Toplantıya; CHP Genel Lider Yardımcısı Gülizar Biçer Karaca, CHP Bayan Kolları Genel Lideri Aylin Nazlıaka ve CHP’li ilçe belediye liderleri da katıldı.

Kılıçdaroğlu, bayanlara Aile Dayanakları Sigortası’nı anlattı. Toplumsal devlet vurgusu yapan Kılıçdaroğlu, SMA hastası çocuklara ait, “İlaç çok değerli. Anneler alamıyor. Sıhhat Bakanlığı, SGK vermiyor. Onu da kaldıracağım. Ne demek ya kıymetlidir diye çocuğu mevte terk edebilir miyiz? Hangi anne evladını mevte terk edebilir. Kampanyalar açıyorlar, ilacı almak için. Kampanyalar bu işin tahlili değildir. Toplumsal devlettir bu işin çözümü” dedi.

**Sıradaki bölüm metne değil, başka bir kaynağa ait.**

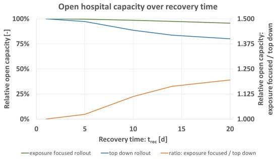 Predicted open hospital capacity over recovery time trec [d] for top down (blue), and exposure focused rollout (green), together with their respective ratio (orange).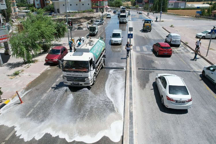 Niğde Belediyesi Temizlik İşleri Müdürlüğü ekipleri tarafından Faik Şahenk Bulvarı ve çevresinde temizlik yapıldı. Yollar arazözler tarafından yıkanırken kaldırımlar süpürgeciler tarafından temizlendi.
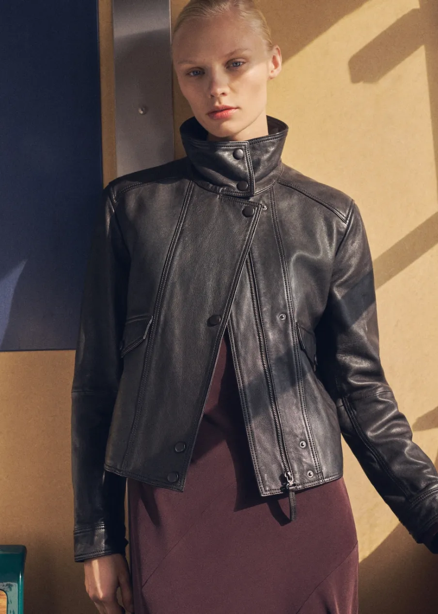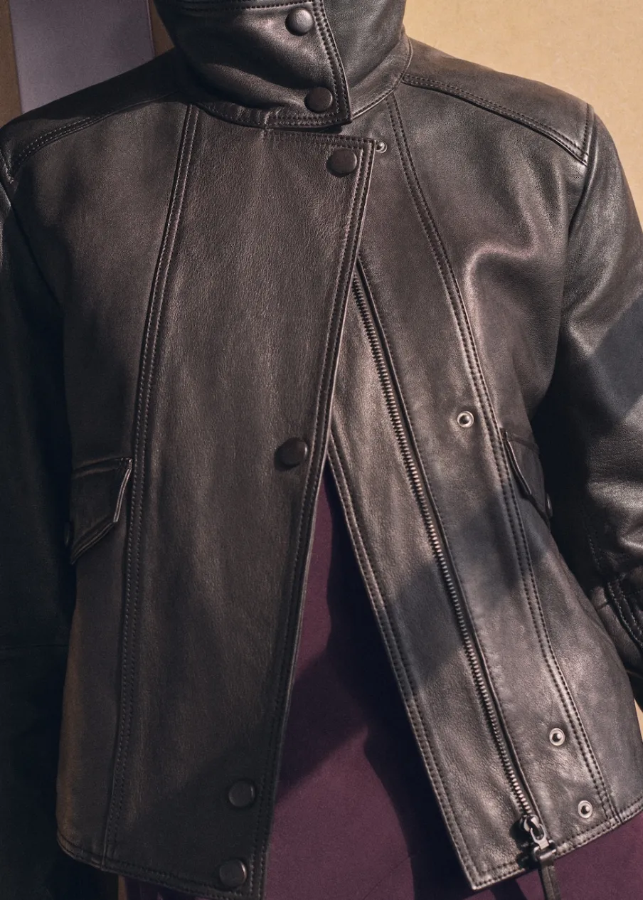 Skóra owcza 100%. Model prosty. Golf. Model standardowy. Długi rękaw. Dwie kieszenie z patkami na guzik z przodu. Tylko podszewka.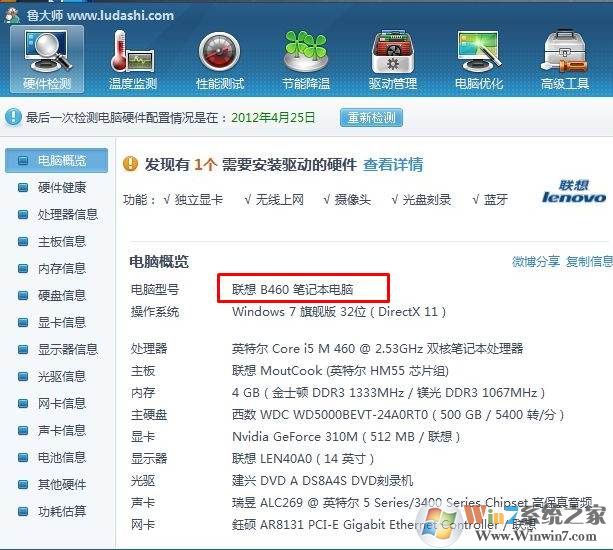 1、在電腦上安裝一個(gè)魯大師軟件,可以檢測(cè)電腦型號(hào)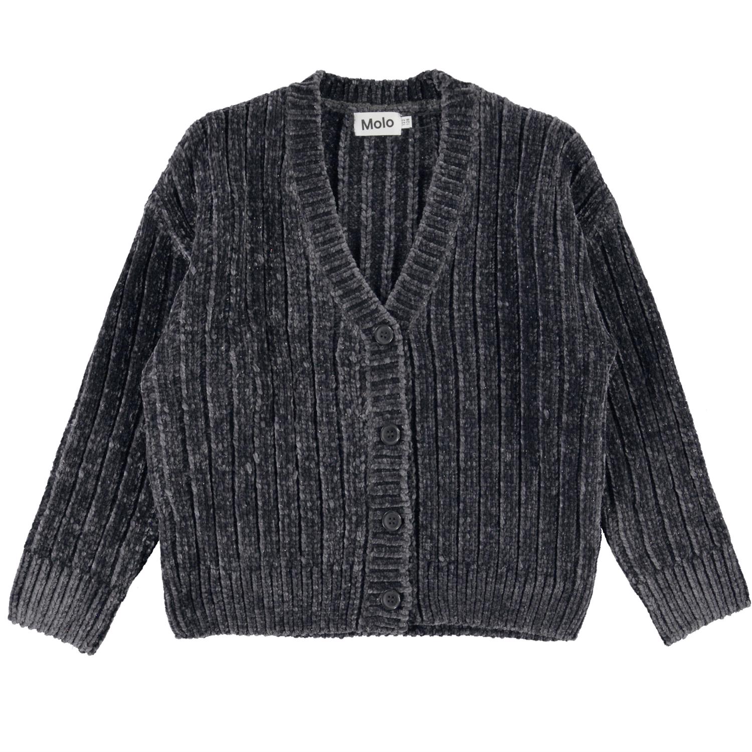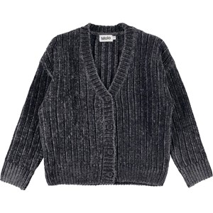 Gianna är Molos nya chenille stickade kofta i blått. Koftan har v-ringning, kort passform och knappstängning.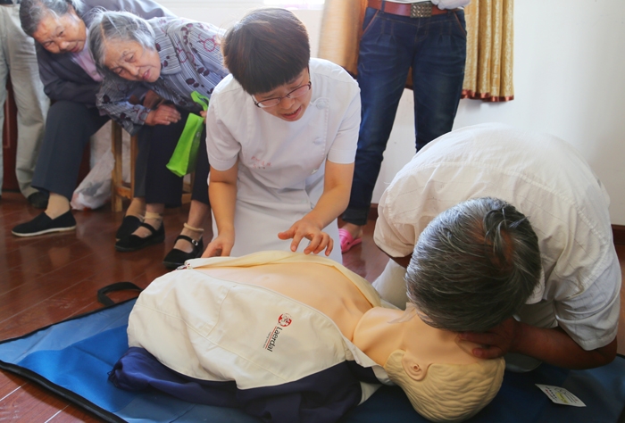 ??? 活動當(dāng)天醫(yī)護人員利用自己的專業(yè)特長免費為50余名老人測量了血糖和血壓,進行了體檢,并向他們現(xiàn)場示范指導(dǎo)心肺復(fù)蘇的方法和應(yīng)急處理措施,發(fā)送健康教育知識手冊100余份,耐心解答居民咨詢的健康問題。根據(jù)老年人年齡大易導(dǎo)致誤用藥、亂用藥等特點,為老人解讀藥物的正確保存方法,高血壓的保健知識及藥物使用注意事項,吸入劑的使用方法,女性特殊時期用藥注意事項。大家細(xì)致耐心的服務(wù)受到了居民們一致好評。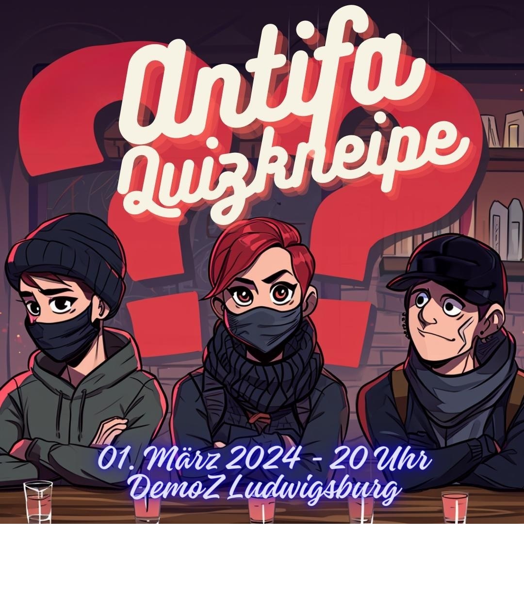 wir laden euch herzlich ein zu unserer Antifa Quizkneipe am Freitag, den 1. März 2024 um 20 Uhr im DemoZ Ludwigsburg. Bei einem spannenden und informativen Quiz wollen wir unser Wissen über die lokale extreme Rechte testen und erweitern. Die Fragen drehen sich um Strukturen, Akteure, Aktivitäten und Ideologien der rechten Szene im Raum Ludwigsburg.
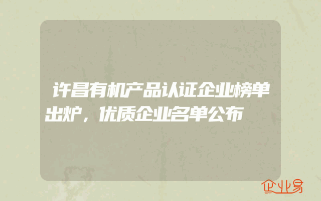- 许昌有机产品认证企业榜单出炉,优质企业名单公布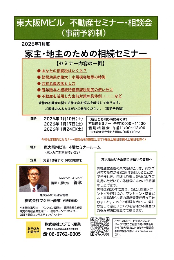 「東大阪Mビル セミナー相談会参加希望」としてお申し込みください。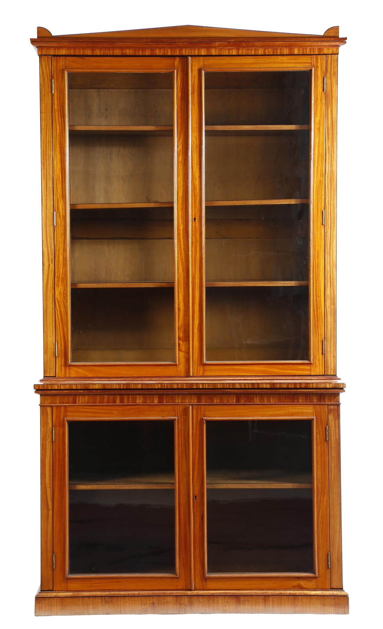 An early 19th century satinwood bookcase cabinet, inlaid with ebonised stringing, the detachable classical pediment above a pair of glazed doors, enclosing three adjustable shelves, the conforming base with a single shelf, 208.5cm high, 112.4cm wide, 44.5cm deep.

Kendisinden evvel konuşan bayanların kelamlarına atıf yapan Kılıçdaroğlu, diyabet hastası çocuklarla ilgili de “Bir anne söyledi. Şekeri ölçmek için çocuğun parmağını günde en az bir iki sefer toplu iğne ile kesiyorsunuz ve kan alıp analiz ediyorsunuz. Yazık değil mi? Artık sensörler var. Şekeri ölçüyor. Ee bu değerli. Sen sarayda oturuyorsun. Vazgeç saraydan bu sensörü alalım. Bu çocukların parmağına iğne batırılmasın” kelamlarıyla iktidarı eleştirdi.

Kılıçdaroğlu’nun konuşmasından öne çıkan başlıklar şöyle:

“BAY KEMAL BU ÜLKEYE ADALETİ YA GETİRECEK YA GETİRECEK: Biliyorum, her bayanın gönlünden hak, hukuk ve adalet geçiyor. Adalete en çok susamış olanlar bayanlar, haksızlığa en çok uğramış olanlar bayanlar. Lakin yüzde 100 emin olmanızı isterim, Bay Kemal bu ülkeye adaleti ya getirecek ya getirecek. Hiç telaş etmeyin.

ANNEMDEN DE BUNU BİLİYORUM: Bu ülkede bir kaygı varsa o kederi en yakından çekenler bayanlardır. Sorunu en başta bilen ve yaşayan bayanlardır. Bayanların sezgisi, erkeklerden çok daha güçlü. Neyin düzgün neyin makus olduğunu erkeklerden çok daha düzgün bilirler. Kendi hayatımda da bunu biliyorum. Annemden de bunu biliyorum. Bayanların keyifli olduğu bir ülke aslında hepimizin keyifli olduğu bir ülkedir.

HAK ARAYAN BAYANLARIN ÖLDÜRÜLMESİ CAİZ MİDİR? YANLIŞSIZ MUDUR: Bir annen evladını yatağa aç yatırabiliyorsa, karnını yeteri kadar doyuramıyorsa o annenin acısını kimse bilmez. Lakin anneler, bayanlar bilir. O nedenle bu ülkeye huzuru, rahmeti getirmek hepimizin ortak vazifesi. Pek çok sorun var, lisana getirildi. Bayan cinayetleri var. Hak arayan bayanların öldürülmesi caiz midir? Yanlışsız mudur? Bunun uğraşını yapmak zorundayız.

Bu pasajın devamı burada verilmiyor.